+++ RECORDS FOR THIS TASK
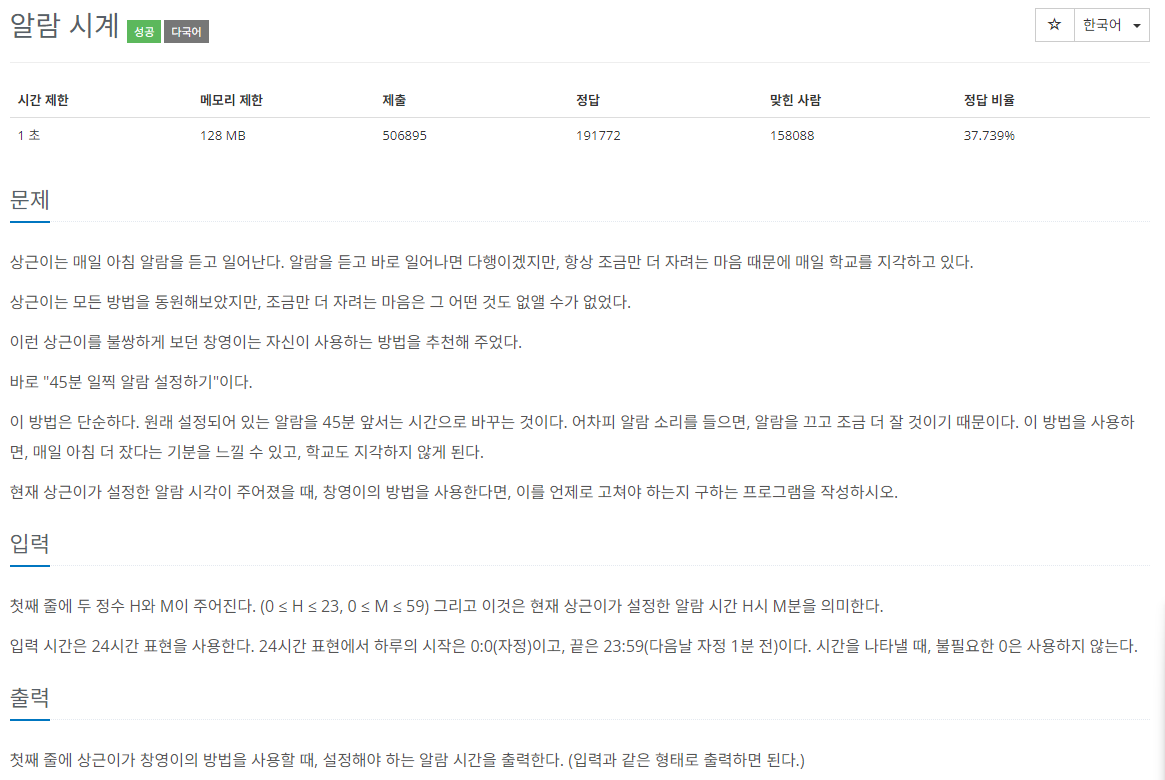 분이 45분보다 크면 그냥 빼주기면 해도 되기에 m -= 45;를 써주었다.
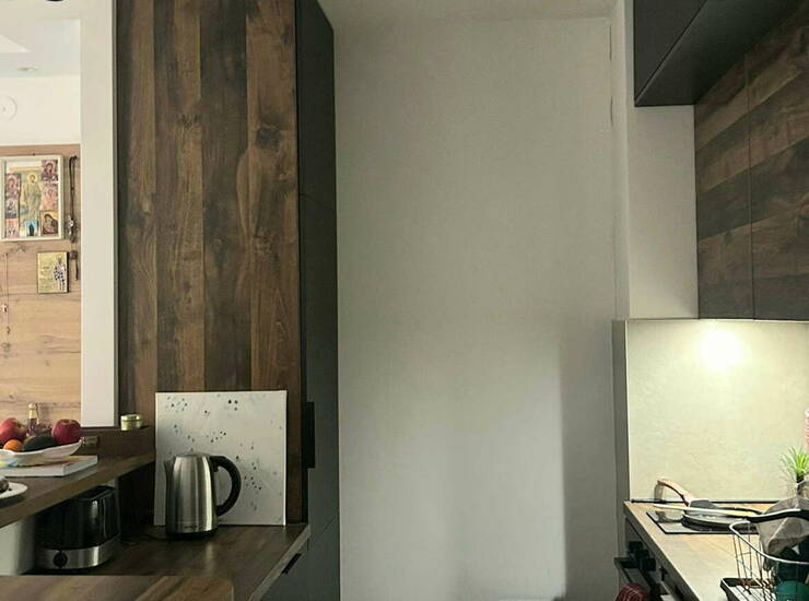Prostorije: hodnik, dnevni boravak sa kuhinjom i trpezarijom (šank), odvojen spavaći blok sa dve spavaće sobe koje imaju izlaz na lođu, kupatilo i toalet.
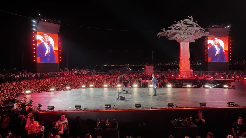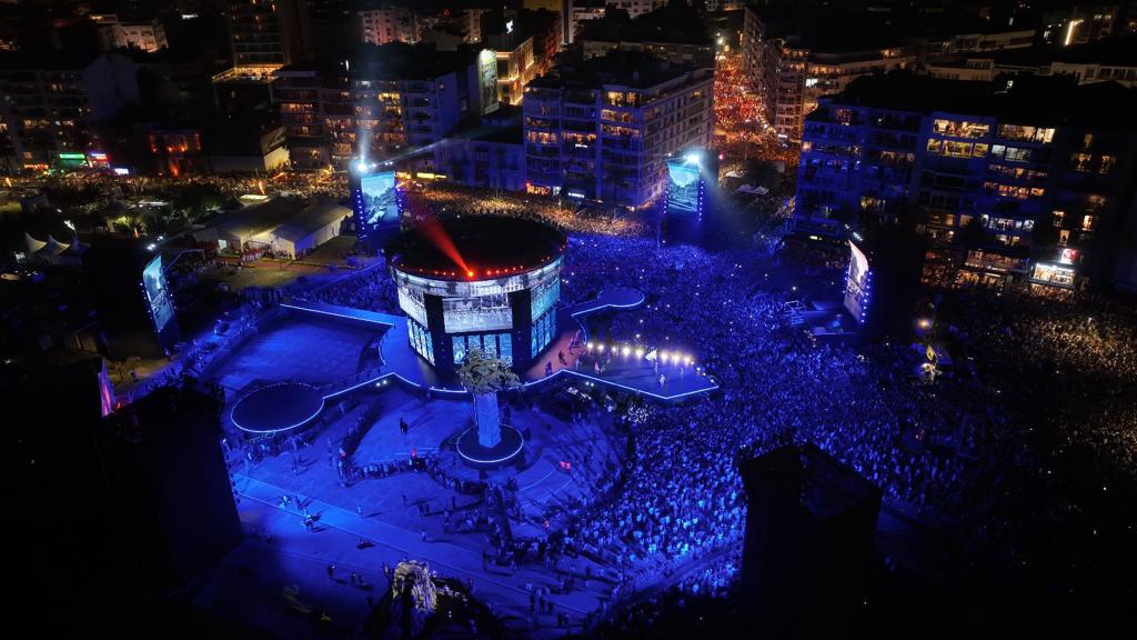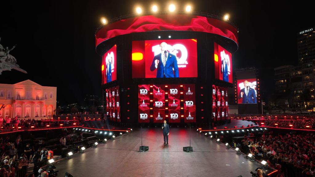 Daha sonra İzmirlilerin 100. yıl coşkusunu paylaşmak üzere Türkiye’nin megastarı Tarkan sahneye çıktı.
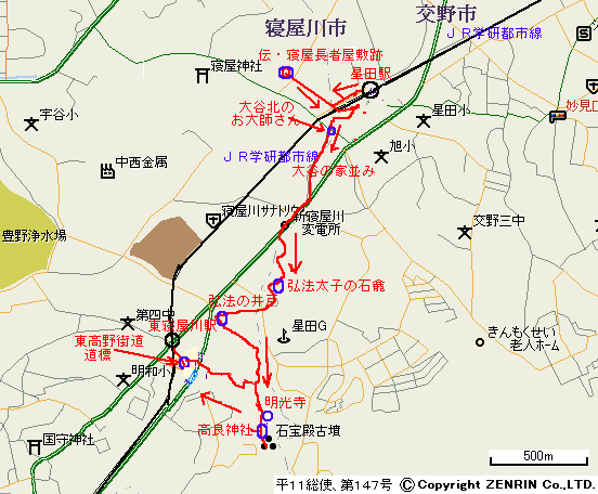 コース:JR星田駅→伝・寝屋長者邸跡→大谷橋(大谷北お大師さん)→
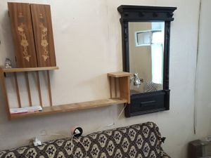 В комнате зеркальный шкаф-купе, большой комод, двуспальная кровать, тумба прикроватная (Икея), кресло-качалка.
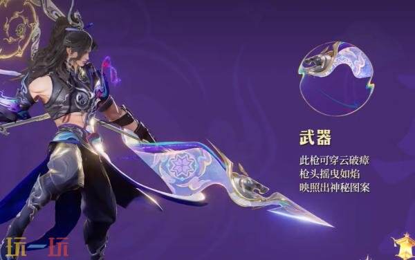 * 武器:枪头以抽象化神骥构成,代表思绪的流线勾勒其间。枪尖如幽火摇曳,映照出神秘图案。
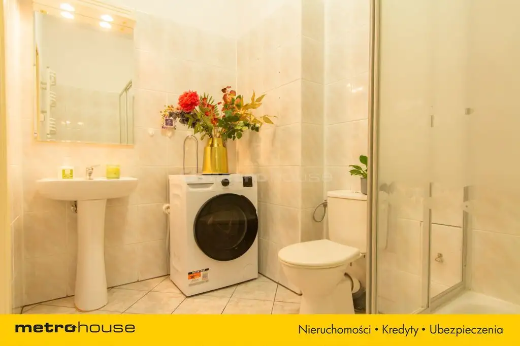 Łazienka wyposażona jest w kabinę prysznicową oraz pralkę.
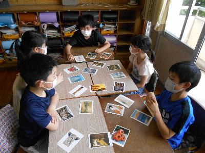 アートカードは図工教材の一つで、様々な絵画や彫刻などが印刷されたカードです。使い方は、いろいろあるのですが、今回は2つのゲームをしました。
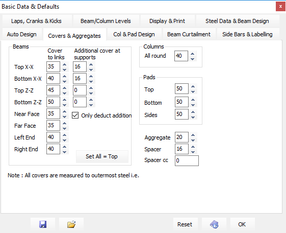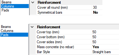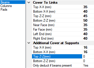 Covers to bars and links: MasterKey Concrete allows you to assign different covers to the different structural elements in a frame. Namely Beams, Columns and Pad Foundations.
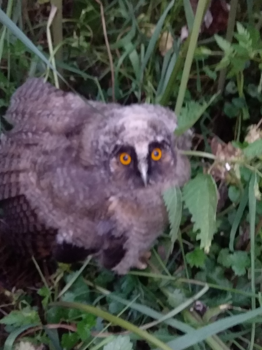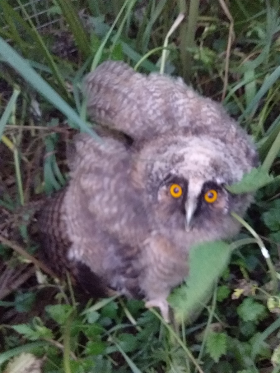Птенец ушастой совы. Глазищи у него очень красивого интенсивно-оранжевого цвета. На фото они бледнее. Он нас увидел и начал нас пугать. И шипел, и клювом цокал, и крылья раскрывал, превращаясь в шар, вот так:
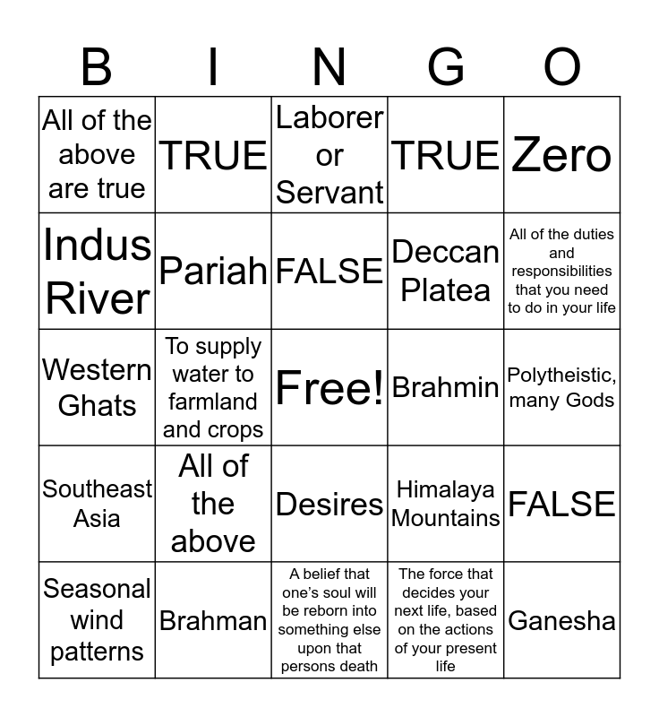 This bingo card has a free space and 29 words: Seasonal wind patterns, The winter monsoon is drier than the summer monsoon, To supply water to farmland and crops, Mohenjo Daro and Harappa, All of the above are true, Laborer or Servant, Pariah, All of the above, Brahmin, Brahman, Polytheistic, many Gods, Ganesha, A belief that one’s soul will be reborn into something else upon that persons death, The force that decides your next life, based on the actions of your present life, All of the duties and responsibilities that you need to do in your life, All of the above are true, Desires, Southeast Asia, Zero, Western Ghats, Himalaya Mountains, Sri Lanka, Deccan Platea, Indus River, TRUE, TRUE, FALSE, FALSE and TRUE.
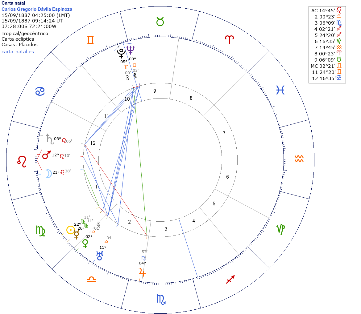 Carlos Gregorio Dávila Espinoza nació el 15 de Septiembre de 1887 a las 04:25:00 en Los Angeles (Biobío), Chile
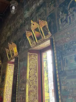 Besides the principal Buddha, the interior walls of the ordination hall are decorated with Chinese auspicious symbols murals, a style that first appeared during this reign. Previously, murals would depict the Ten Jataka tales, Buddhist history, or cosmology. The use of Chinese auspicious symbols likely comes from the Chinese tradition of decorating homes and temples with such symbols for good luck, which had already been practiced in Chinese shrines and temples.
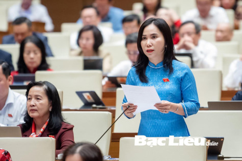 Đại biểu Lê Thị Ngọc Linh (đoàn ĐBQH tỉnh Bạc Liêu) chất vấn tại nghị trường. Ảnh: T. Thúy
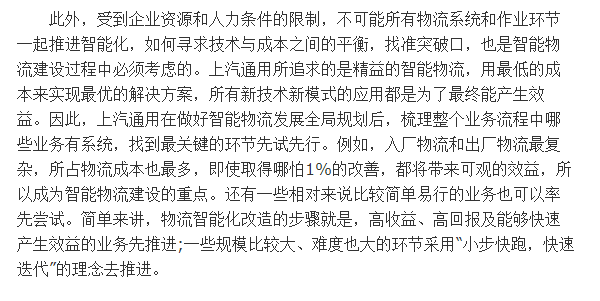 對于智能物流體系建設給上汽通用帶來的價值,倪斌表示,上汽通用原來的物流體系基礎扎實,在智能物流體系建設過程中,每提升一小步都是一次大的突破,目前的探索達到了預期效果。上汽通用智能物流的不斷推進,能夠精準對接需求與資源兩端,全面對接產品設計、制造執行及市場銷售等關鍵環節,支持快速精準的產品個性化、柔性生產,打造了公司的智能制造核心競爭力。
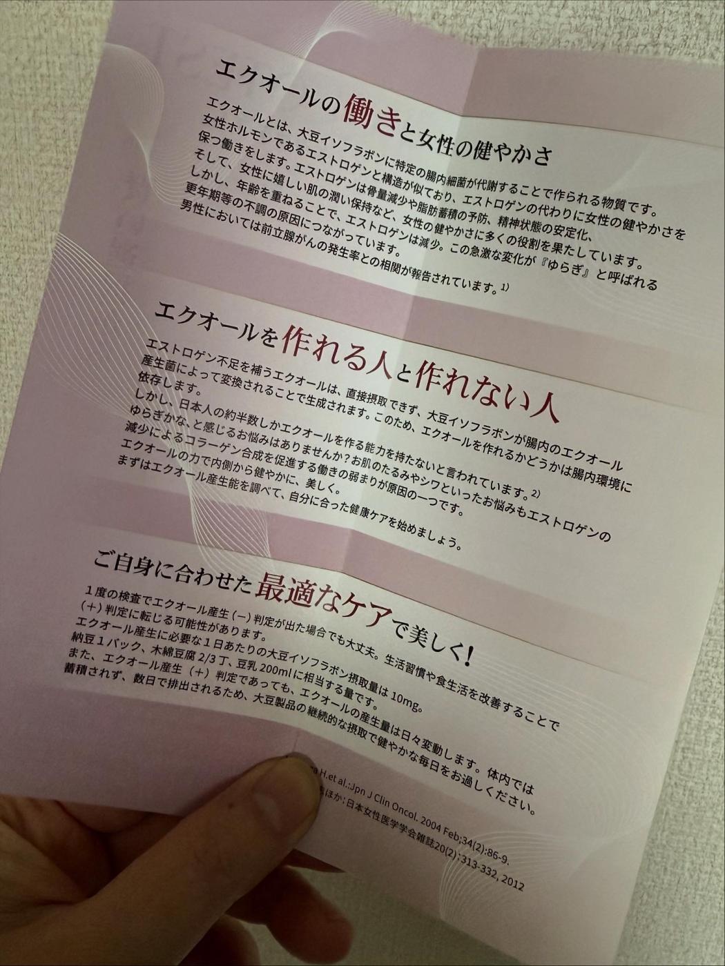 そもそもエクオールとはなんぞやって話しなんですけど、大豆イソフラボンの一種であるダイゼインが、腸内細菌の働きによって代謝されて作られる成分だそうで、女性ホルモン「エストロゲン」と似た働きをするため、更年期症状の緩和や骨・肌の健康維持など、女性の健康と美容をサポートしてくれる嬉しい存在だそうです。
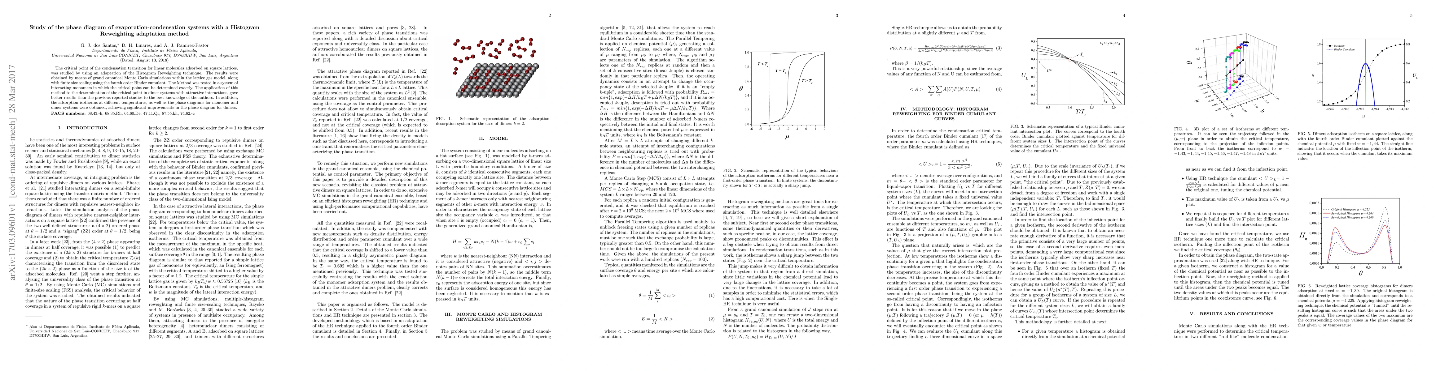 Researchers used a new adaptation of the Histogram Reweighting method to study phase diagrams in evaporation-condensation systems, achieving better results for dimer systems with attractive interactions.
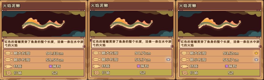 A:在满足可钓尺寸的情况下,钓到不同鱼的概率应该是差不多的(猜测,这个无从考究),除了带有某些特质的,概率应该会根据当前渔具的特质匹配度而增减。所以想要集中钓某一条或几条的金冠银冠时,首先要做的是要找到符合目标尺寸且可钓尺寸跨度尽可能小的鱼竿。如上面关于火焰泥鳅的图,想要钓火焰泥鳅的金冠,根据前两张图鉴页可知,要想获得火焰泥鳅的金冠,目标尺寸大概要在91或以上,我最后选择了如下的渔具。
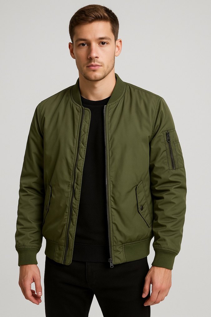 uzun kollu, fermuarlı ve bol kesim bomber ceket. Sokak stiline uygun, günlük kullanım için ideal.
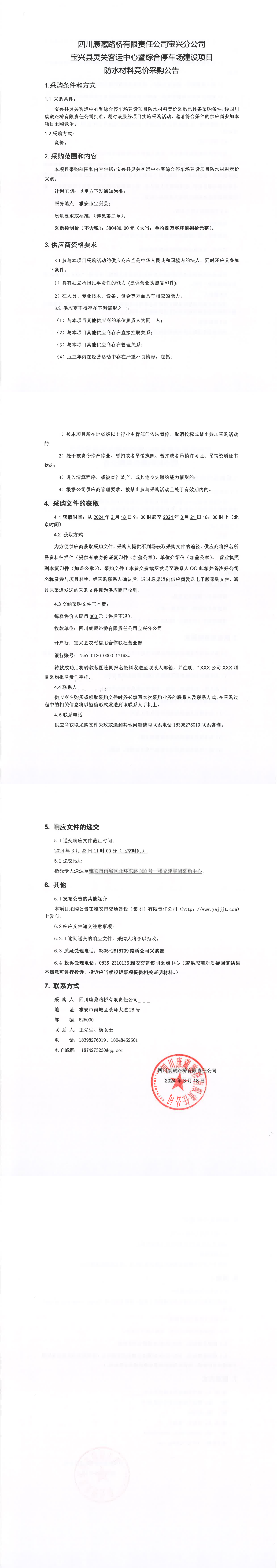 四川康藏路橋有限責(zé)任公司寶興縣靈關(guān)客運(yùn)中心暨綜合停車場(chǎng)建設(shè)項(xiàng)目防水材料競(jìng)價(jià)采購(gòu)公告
++++++
**REQUIRED WORK:**
How would the lines above read from the one with "Daha sonra İzmirlilerin" to the one with "Птенец ушастой совы.", inclusive, with no pictures? Write them out exactly.

**TASK RESPONSE:**
 Daha sonra İzmirlilerin 100. yıl coşkusunu paylaşmak üzere Türkiye’nin megastarı Tarkan sahneye çıktı.
 コース:JR星田駅→伝・寝屋長者邸跡→大谷橋(大谷北お大師さん)→
 В комнате зеркальный шкаф-купе, большой комод, двуспальная кровать, тумба прикроватная (Икея), кресло-качалка.
 * 武器:枪头以抽象化神骥构成,代表思绪的流线勾勒其间。枪尖如幽火摇曳,映照出神秘图案。
 Łazienka wyposażona jest w kabinę prysznicową oraz pralkę.
 アートカードは図工教材の一つで、様々な絵画や彫刻などが印刷されたカードです。使い方は、いろいろあるのですが、今回は2つのゲームをしました。
 Covers to bars and links: MasterKey Concrete allows you to assign different covers to the different structural elements in a frame. Namely Beams, Columns and Pad Foundations.
Птенец ушастой совы. Глазищи у него очень красивого интенсивно-оранжевого цвета. На фото они бледнее. Он нас увидел и начал нас пугать. И шипел, и клювом цокал, и крылья раскрывал, превращаясь в шар, вот так:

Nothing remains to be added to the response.